On the first evening following treatment, 21.62% of children in the control group and 16.21% in the LLLT group received analgesics. On the second and third evenings, only 5.40% of children in both groups received analgesics. Amounts of postoperative analgesics did not vary significantly by group, gender, or number/location of extracted teeth (p > 0.05) (Table 2).

Table 2.

Statistical Variables Associated with Analgesic Usage and Postoperative Pain According to Visual Analogue Scale (VAS) and Wongs–Baker FACES ^® Pain Rating Scale (PRS) After Extraction With and Without Laser Application

	Evening 1st day		Evening 2nd day		Evening 3rd day
Groups	Control	Laser	Control	Laser	Control	Laser
Analgesic usage (subjects)	8 (22%)	6 (16%)	2 (5%)	2 (5%)	2 (5%)	2 (5%)
p ^a Values	1.00		1.00		0.107
VAS-PRS correlation
Spearman's ρ/p Value	0.768/0.00^b	0.899/0.00^b	0.817/0.00^b	0.922/0.00^b	1.00/0.00^b	1.00/0.00^b
VAS Scores
Mean ± SD	2.05 ± 2.027	1.68 ± 1.973	0.59 ± 1.404	0.49 ± .0989	0.16 ± 0.727	0.22 ± 0.787
Median	2.00	0.00	0.00	0.00	0.00	0.00
Maximum	10	6	6	4	4	4
PRS scores
Mean ± SD	2.00 ± 2.00	1.62 ± 1.991	0.38 ± 1.139	0.49 ± 1.096	0.11 ± .458	0.22 ± 0.787
Median	2.00	0.00	0.00	0.00	0.00	0.00
Maximum	10	6	6	4	2	4

Fisher's exact test, no significant difference (p > 0.05).

Correlation is significant (p < 0.01).

Pain ratings provided by parents (VAS) and children (PRS) showed significant correlation, with p values of <0.01. The correlation coefficient ρ varied between 0.768 and 1.00 (Table 2).

Figures 2 –4 show the VAS and PRS scores for postoperative pain on the first, second and third evenings, respectively.
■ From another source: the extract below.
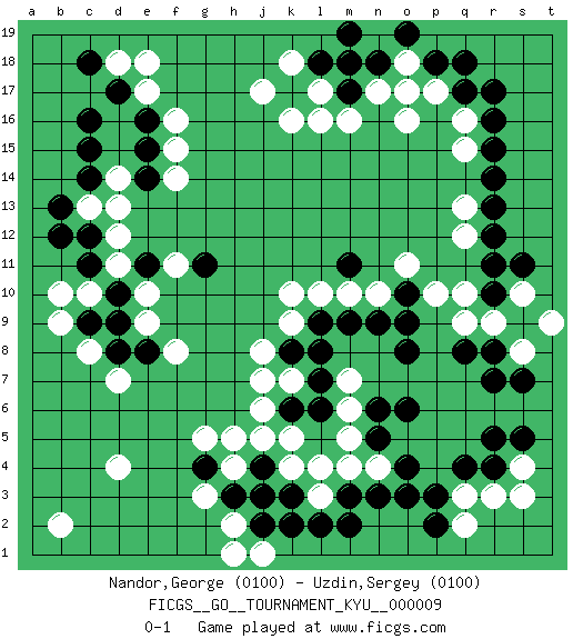 Last move : 0-1 2006 November 26 22:26:1 [Event "FICGS__GO__TOURNAMENT_KYU__000009"] [Site "FICGS"] [Date "2006.10.29"] [Round "1"] [Black "Nandor,George"] [White "Uzdin,Sergey"] [Result "0-1"] [Rating 1 "0100"] [Rating 2 "0100"] 1.q17 d4 2.c16 e17 3.q4 d14 4.c14 q10 5.r14 o16 6.r7 k4 7.c11 c8 8.e11 k16 9.n3 n4 10.o3 m4 11.o6 k10 12.r12 q16 13.r16 p17 14.r17 q15 15.r15 q13 16.o8 m7 17.g4 g5 18.j4 h4 19.h3 h5 20.k3 g3 21.m3 l3 22.l2 l4 23.j3 j5 24.d17 d18 25.c18 e18 26.e16 f15 27.g11 d12 28.c12 c13 29.b13 d13 30.c15 d11 31.e15 c10 32.d10 e10 33.d9 f11 34.c9 b10 35.b12 b9 36.m17 m18 37.k17 l17 38.l18 l16 39.n18 n17 40.m19 m16 41.p18 k18 42.m18 j17 43.o10 o11 44.m11 n10 45.n9 p10 46.o9 m10 47.m9 l10 48.r10 r9 49.r13 q12 50.s9 s10 51.r11 s8 52.s7 e9 53.l9 k9 54.l8 k7 55.l7 m6 56.k8 j8 57.o4 h2 58.j2 h1 59.k2 j1 60.m2 f16 61.e14 f14 62.d8 d7 63.q8 q9 64.r8 t9 65.s11 b2 66.k6 j7 67.l6 k5 68.n5 m5 69.n6 r3 70.r4 q3 71.p2 s4 72.s5 s3 73.r5 q2 74.p3 o18 75.o19 o17 76.q18 j6 77.e8 f8 0-1 Here are the names of the openings (joseki) played in the four corners : Corner d16 : c16 e17 Komoku (Somok, Xiao~mu`) 3-4 Point. The komoku (3-4) point is the traditional corner enclosure move.. Ikken Kakari (Hankan Keolch'im, Yi Gua`jiao~, 1-Space Low Pincer). The small knight move is the basic approach move to the 3-4 point stone. It has been continually used for over four centuries. There are limitless variations, with new moves constantly being discovered. White 2 opens the door to a treaure store of joseki. Player White won this Go (weiqi, baduk) game. Follow this game move after move (download)Territory really exists only in the end. (Pierre Audouard) The greatest con, that he ever pulled... was making you believe... that he is you. (Revolver, movie)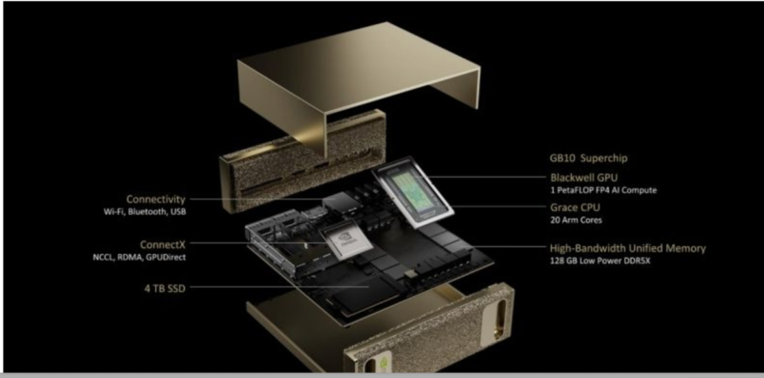 GB10 объединяет графический процессор на архитектуре Blackwell — с новейшими ядрами CUDA и тензорными ядрами пятого поколения — и центральный процессор Grace с двадцатью энергоэффективными ядрами на базе архитектуры Arm (10 высокопроизводительных ядер Cortex-X925 и 10 энергоэффективных Cortex-A725). Соединяет их технология NVLink-C2C, обеспечивающая пропускную способность в пять раз выше, чем интерфейс PCIe Gen 5. Унифицированная архитектура памяти означает, что процессор и графический сопроцессор совместно используют единый пул из 128 ГБ — без накладных расходов на копирование данных между раздельными банками.

For both the VAS and PRS scales, the number of “no pain” scores increased from the 1st to the 3rd day in both the LLLT and control groups. Only one rating of pain as the “worst possible” was given (on the first evening, in the control group) and “severe” or higher pain ratings were given only on the first evening in the LLLT group and on the first and second evenings in the control group. Whereas the LLLT group had more “no pain” responses than the control group on the first evening, the control group had more “no pain” responses than the LLLT group on the second and third evenings according to both VAS and PRS. Whereas mean pain scores reported by parents (VAS) were higher for the control group than for the LLLT group on both the first and second evenings following treatment, mean pain scores reported by children (PRS) were higher for the control group than for the laser group on the first evening only. Median PRS and VAS values also differed between the two groups on the first evening only (Table 2). No significant differences were found in postoperative pain ratings of either parents or children by gender, age, or number or location of extracted teeth (p > 0.05).

FIG. 2.

Post-extraction pain ratings on the evening of the treatment day, day 1. Children's self-ratings on the Wongs–Baker FACES^® Pain Rating Scale (PRS) (n = 37) and parental ratings on the visual analogue scale (VAS) (n = 37) (control, extractions without laser application; laser, extractions with laser applications).

FIG. 3.

Post-extraction pain ratings on the evening of the treatment day, day 2. Children's self-ratings on the Wongs–Baker FACES^® Pain Rating Scale (PRS) (n = 37) and parental ratings on the visual analogue scale (VAS) (n = 37) (control, extractions without laser application; laser, extractions with laser application).

FIG. 4.

Post-extraction pain ratings in the evening of the treatment day, day 3. Children's self-ratings on the Wongs–Baker FACES^® Pain Rating Scale (PRS) (n = 37) and parental ratings on the visual analogue scale (VAS) (n = 37) (control, extractions without laser application; laser, extractions with laser applications).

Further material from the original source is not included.